Each line from the one bearing "This portrait of" through the last line of the entries below should be returned exactly, with pictures left out.

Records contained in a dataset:
________________________
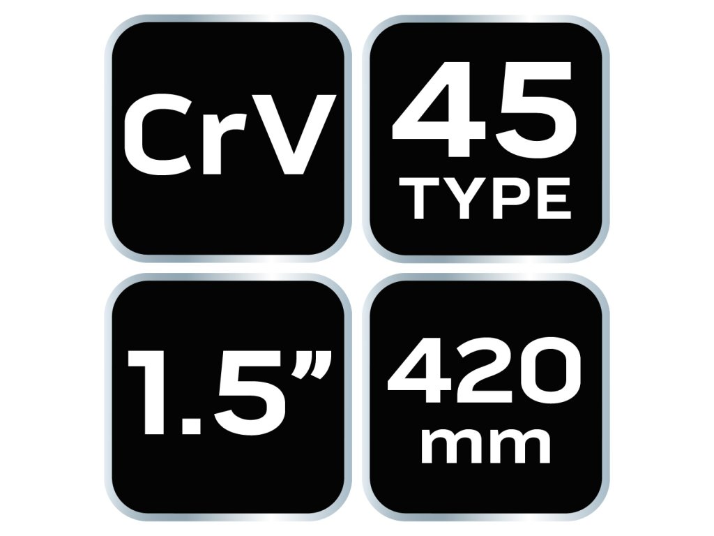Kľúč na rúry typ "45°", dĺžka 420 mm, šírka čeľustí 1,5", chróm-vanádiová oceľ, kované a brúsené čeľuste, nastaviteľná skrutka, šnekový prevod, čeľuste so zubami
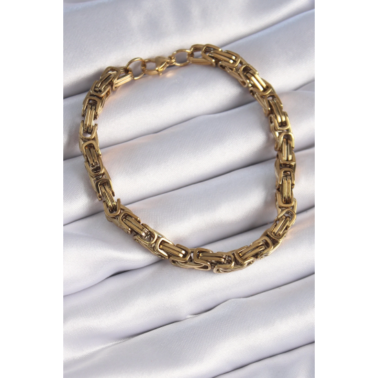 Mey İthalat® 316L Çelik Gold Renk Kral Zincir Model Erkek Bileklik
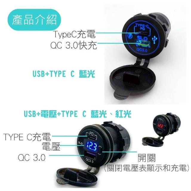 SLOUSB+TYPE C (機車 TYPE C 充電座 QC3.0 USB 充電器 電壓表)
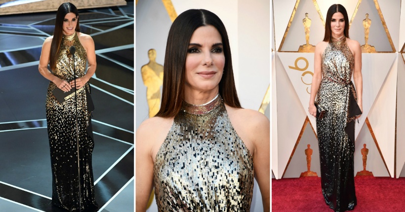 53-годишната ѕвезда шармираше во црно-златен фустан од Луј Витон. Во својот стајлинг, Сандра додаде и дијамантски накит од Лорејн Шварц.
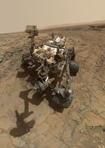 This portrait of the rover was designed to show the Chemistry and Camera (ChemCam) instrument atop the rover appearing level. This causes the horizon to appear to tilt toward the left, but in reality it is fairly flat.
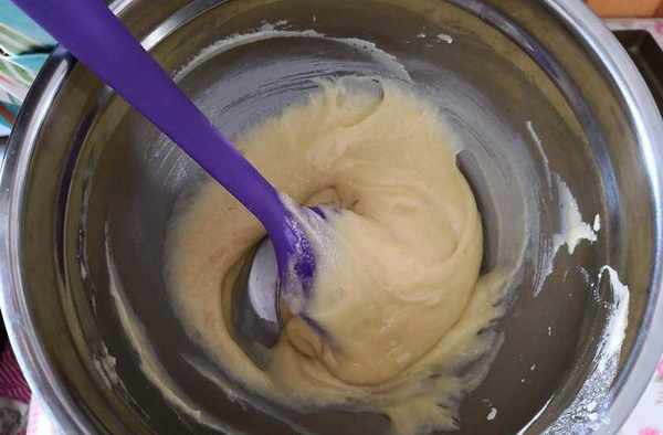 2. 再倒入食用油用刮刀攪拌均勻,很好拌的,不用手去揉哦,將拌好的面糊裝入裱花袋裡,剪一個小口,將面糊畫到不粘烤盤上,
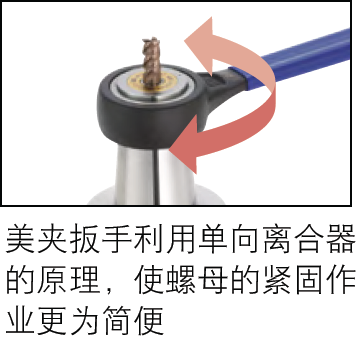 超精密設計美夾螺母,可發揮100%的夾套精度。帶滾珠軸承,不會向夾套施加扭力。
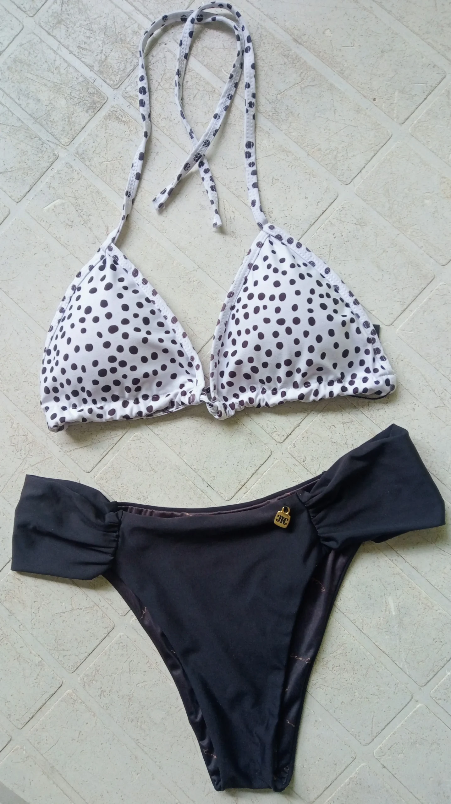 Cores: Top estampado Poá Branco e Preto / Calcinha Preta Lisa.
________________________
RESPONSE:
 This portrait of the rover was designed to show the Chemistry and Camera (ChemCam) instrument atop the rover appearing level. This causes the horizon to appear to tilt toward the left, but in reality it is fairly flat.
 2. 再倒入食用油用刮刀攪拌均勻,很好拌的,不用手去揉哦,將拌好的面糊裝入裱花袋裡,剪一個小口,將面糊畫到不粘烤盤上,
 超精密設計美夾螺母,可發揮100%的夾套精度。帶滾珠軸承,不會向夾套施加扭力。
 Cores: Top estampado Poá Branco e Preto / Calcinha Preta Lisa.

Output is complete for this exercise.